Write out, with no changes, every line starting at the one that contains "目前非凡科技GDSM-ES系" and ending at the last line of the data below. Leave pictures out.

Given material:
Segment Open
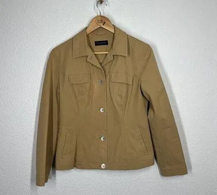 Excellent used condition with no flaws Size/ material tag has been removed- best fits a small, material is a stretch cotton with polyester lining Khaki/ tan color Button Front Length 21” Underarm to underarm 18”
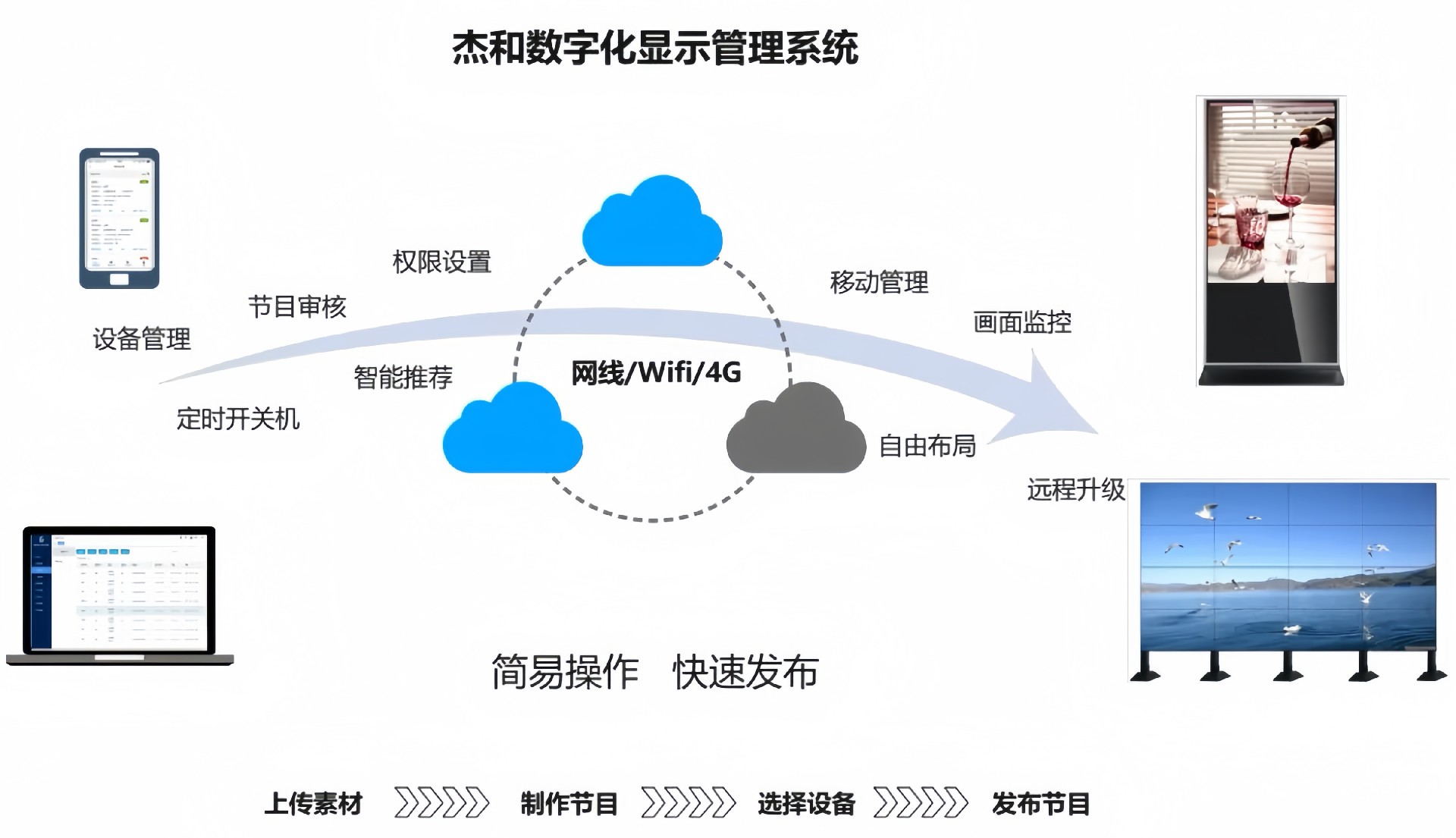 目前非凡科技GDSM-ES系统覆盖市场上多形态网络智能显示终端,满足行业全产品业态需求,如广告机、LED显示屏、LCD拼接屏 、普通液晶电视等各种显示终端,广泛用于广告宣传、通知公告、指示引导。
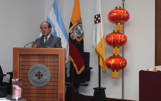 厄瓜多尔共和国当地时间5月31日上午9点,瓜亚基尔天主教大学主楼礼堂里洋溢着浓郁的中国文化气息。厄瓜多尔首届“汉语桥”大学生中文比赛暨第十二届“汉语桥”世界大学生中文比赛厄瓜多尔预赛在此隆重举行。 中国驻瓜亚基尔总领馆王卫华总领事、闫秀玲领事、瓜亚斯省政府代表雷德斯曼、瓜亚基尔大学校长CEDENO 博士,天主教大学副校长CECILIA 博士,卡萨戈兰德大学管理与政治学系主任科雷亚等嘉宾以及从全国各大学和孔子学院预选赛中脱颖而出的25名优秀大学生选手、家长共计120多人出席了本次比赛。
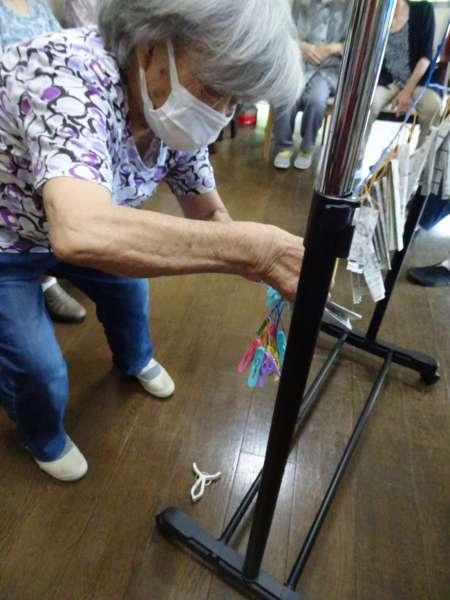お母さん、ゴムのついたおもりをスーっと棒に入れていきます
Segment Closed
Task solution:
 目前非凡科技GDSM-ES系统覆盖市场上多形态网络智能显示终端,满足行业全产品业态需求,如广告机、LED显示屏、LCD拼接屏 、普通液晶电视等各种显示终端,广泛用于广告宣传、通知公告、指示引导。
 厄瓜多尔共和国当地时间5月31日上午9点,瓜亚基尔天主教大学主楼礼堂里洋溢着浓郁的中国文化气息。厄瓜多尔首届“汉语桥”大学生中文比赛暨第十二届“汉语桥”世界大学生中文比赛厄瓜多尔预赛在此隆重举行。 中国驻瓜亚基尔总领馆王卫华总领事、闫秀玲领事、瓜亚斯省政府代表雷德斯曼、瓜亚基尔大学校长CEDENO 博士,天主教大学副校长CECILIA 博士,卡萨戈兰德大学管理与政治学系主任科雷亚等嘉宾以及从全国各大学和孔子学院预选赛中脱颖而出的25名优秀大学生选手、家长共计120多人出席了本次比赛。
お母さん、ゴムのついたおもりをスーっと棒に入れていきます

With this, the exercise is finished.